We can think of the Laplace transform as a black box that eats functions and spits out functions in a new variable. We write \(\mathcal{L} \{f(t)\} = F(s)\) for the Laplace transform of \(f(t)\). It is common to write lower case letters for functions in the time domain and upper case letters for functions in the frequency domain. We use the same letter to denote that one function is the Laplace transform of the other. For example \(F(s)\) is the Laplace transform of \(f(t)\). Let us define the transform.
\[\mathcal{L} \{f(t)\} = F(s) \overset{\rm{def}}{=} \int_0^{\infty} e^{-st}f(t)\,dt. \nonumber \]

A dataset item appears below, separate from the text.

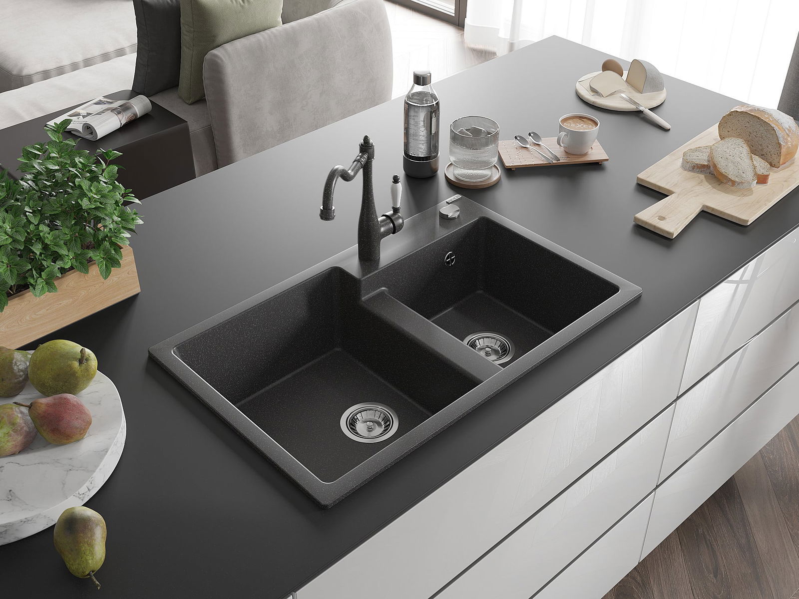 L'évier a été fabriqué en granit de haute qualité. Il constitue un complément élégant et surtout pratique à toute cuisine, quel que soit son style. La haute qualité et la durabilité du granit garantissent une utilisation pendant de nombreuses années.

We note that we are only considering \(t \ge 0\) in the transform. Of course, if we think of \(t\) as time there is no problem, we are generally interested in finding out what will happen in the future (Laplace transform is one place where it is safe to ignore the past). Let us compute some simple transforms.
Example \(\PageIndex{1}\)
Suppose \(f(t)=1\), then
\[\mathcal{L} \{1\} = \int_0^{\infty} e^{-st}dt = \left[ \dfrac{e^{-st}}{-s} \right]_{t=0}^{\infty} = \lim_{h\rightarrow \infty} \left[ \dfrac{e^{-st}}{-s} \right]_{t=0}^h = \lim_{h \rightarrow \infty} \left( \dfrac{e^{-sh}}{-s} - \dfrac{1}{-s} \right) = \dfrac{1}{s}. \nonumber \]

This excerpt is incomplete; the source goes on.